Praise God

If the world hates you, realize that it hated me first.

John 15:18

I’ve never really received backlash for my faith. I remember being young (and dumb(er)) and waiting for people to bring up their beliefs. Mostly because I wanted to shut them down. I was a gifted debater and reader of all things. I thought I knew my stuff. I thought I was all that.

And when I started believing in a God I never really thought I would ever believe in, I was blessed to be able to continue this journey with few roadblocks – or at least roadblocks that were set up by people who hated my relationship with God. I was blessed to never encounter the person I used to be. Until a few days ago.

Maybe I’ve avoided those kinds of people because I’m very cautious of what I post. I’m ready to rush to someone’s aid when there’s an attack on God on Facebook or other online forums. But I am rarely, if ever, the one to initially post something that could be attacked.
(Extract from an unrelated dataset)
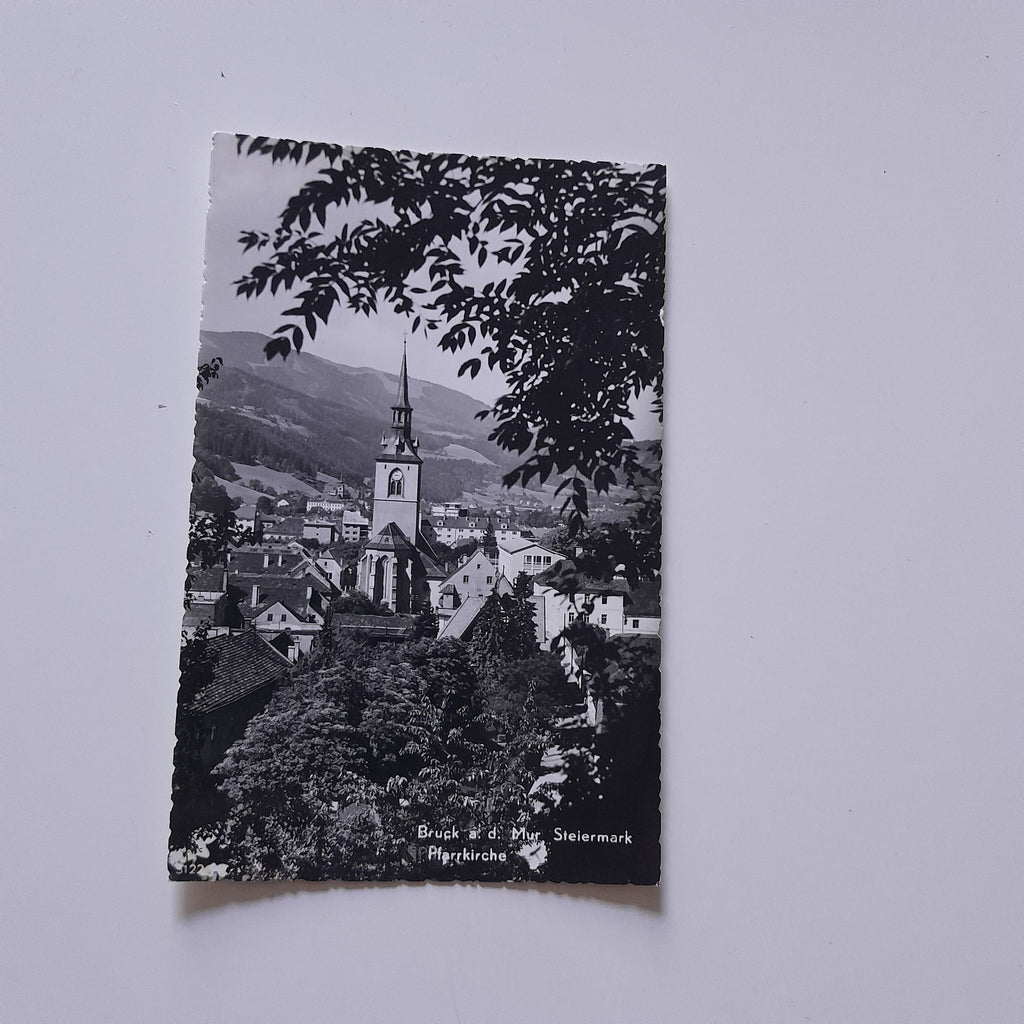 AK Bruck an der Mur. Pfarrkirche. Gelaufen, aber Briefmarke wurde entfernt. Kleinformat. Verlag: Kellner. Nummeriert: 3122. Zustand: gut.

But about a week and a half ago I did. And there was a landslide of likes. And so I went happily about my day. But then I received a text. It told me, among other things, that I was a bad person and that I just post pictures of God to hide that fact from others. And I’m not going to lie, it made me sad, and mad, and I really just wanted to yell at this person. And throughout that conversation (I did not text yell or curse, don’t worry) I found myself calming down. Because throughout it all I prayed that God would give me strength to do His will, whatever it was in that conversation. And though that person isn’t talking to me now, I know that in those hate filled words that were hurled at me, God was speaking. They hated me first.